News Release

Researchers investigate mysteries of the African rift

Peer-Reviewed Publication

Penn State

San Francisco, Cal. -- The formation and evolution of the African Rift Valley are shaded in mystery, but geoscientists at Penn State are mapping the history of the Rift through space and time by analyzing the chemistry of ancient lava from Lake Turkana, northern Kenya.

"We know what the lavas at Turkana look like today and we know what the lavas looked like 35 million years ago in Ethiopia," says Dr. Tanya Furman, associate professor of geosciences. "We also know where the Afar plume is today, but we don't know what it looked like 35 million years ago. The only place we can go back more than 30 million years is in Turkana."
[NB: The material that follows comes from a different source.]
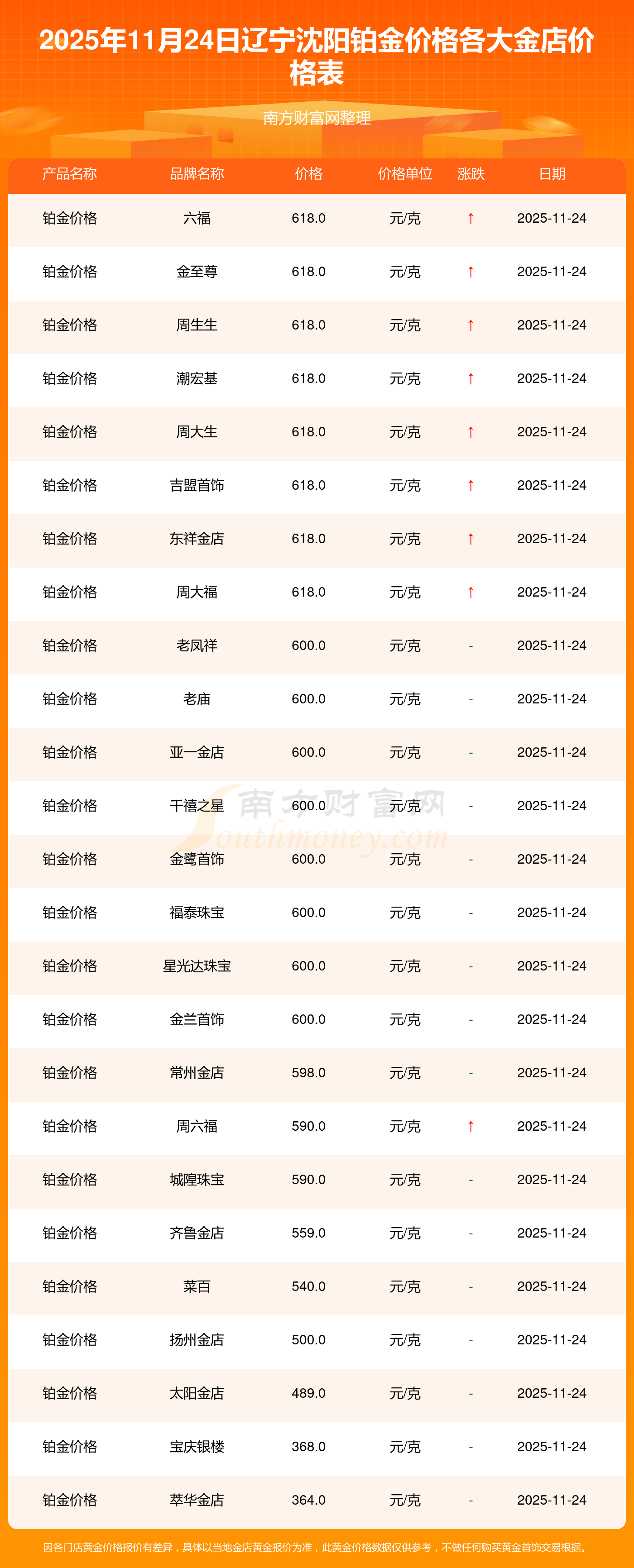 一、2025年11月24日遼寧沈陽各大金店鉑金價格是多少錢一克?

Furman and Kelly Knight, graduate student in geosciences, are looking at the chemical signatures of lavas from the Rift Valley in Turkana to understand the evolution of mantle plumes and how continents split apart.

A mantle plume is a jet of molten lava from the Earth's mantle that reaches the Earth's surface, but is independent of the motion of the tectonic plates. Typically, when mantle plumes rise under oceans, they form islands. The Hawaiian Islands were formed by a plume which remains stationary while the Pacific plate moves above it, creating a string of islands in its wake.
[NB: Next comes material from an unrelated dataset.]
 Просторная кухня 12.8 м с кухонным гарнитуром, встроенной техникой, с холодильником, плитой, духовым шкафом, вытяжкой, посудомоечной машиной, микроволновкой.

When a plume appears under a continent, a rift may form. Eventually, an important transformation takes place, the rift splits the continent in two, creating an ocean and the rift itself comes a mid ocean ridge. Mid ocean ridges are the boundaries of two plates and are connected to the Earth's tectonic activity. While geoscientists know the general history of continental rifting, exactly when a rift becomes a ridge and when it becomes part of the tectonic system is unknown.

The African Rift Valley runs in eastern Africa from the junction of the Red Sea and the Gulf of Aden southward to Malawi where it gradually disappears.
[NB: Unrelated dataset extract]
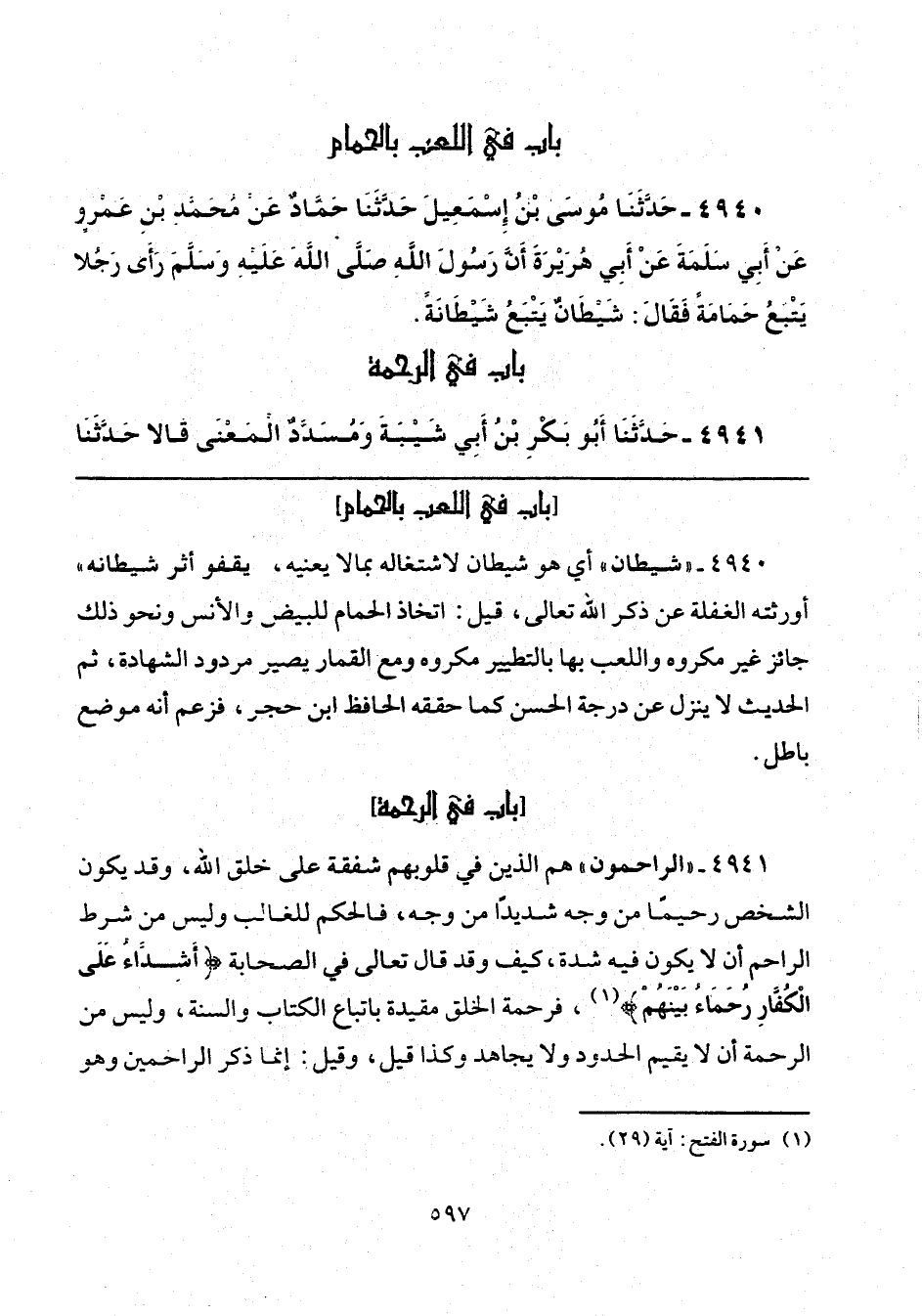 4940 - "شيطان" أي هو شيطان لاشتغاله بما لا يعنيه، يقفو أثر شيطانه، أورثته الغفلة عن ذكر الله تعالى، قيل: اتخاذ الحمام للبيض والإنس ونحو ذلك جائز غير مكروه واللعب بها للتطيير مكروه ومع القمار يصير مردود الشهادة، ثم الحديث لا ينزل عن درجة الحسن كما حققه الحافظ ابن حجر، فزعم أنه موضوع باطل.

"Some of what we found is consistent with the presence of a plume in Turkana about 35 million years ago," Knight told attendees at the fall meeting of the American Geophysical Union today (Dec. 13) in San Francisco. "We know the plume was in the Ethiopia Sudan area and it appears that lava was channeled 1000 or more kilometers beneath or through the lithosphere to Turkana."

Turkana is the best place to look at the chemistry of the old lava because three successive rifting events have occurred in the area, stretching and thinning the Earth's crust. While the rest of the Rift has a crust of 100 kilometers with a layer of chemically unusual rocks stuck on the bottom, Turkana has only about 20 kilometers of crust.

The researchers are looking at the chemistry of the lavas including major and minor components, trace elements and isotopes. The recent findings are based on the ratios of trace elements in the lavas, including zirconium to niobium, uranium to thorium, lanthanum to niobium and barium to niobium. The trace elements in the lavas are related to the source rocks that were melted by the plume. By tracing the lavas back to the rocks, the researchers can trace the paths of the lavas in space. By looking at the old lava in the Turkana area, the researchers can trace the lavas in time.

"We choose trace element ratios that are indicative of the source region of the rocks," says Furman. "These data, plus our preliminary neodymium isotope analyses, suggest that plume lavas have been erupting at Turkana for perhaps 35 million years." The researchers are also waiting for the results of isotope studies using strontium, and lead to clarify the chemical structure of the plume.

The African Rift Valley is a heavily seismic area and there have been volcanic eruptions in the past 50 years. The area is actively changing, but while Furman and Knight know that the rift north of Ethiopia is now an ocean ridge and that the rift south of Turkana is not, they still do not know when, where and how the change from mantle plume to mid ocean ridge occurs.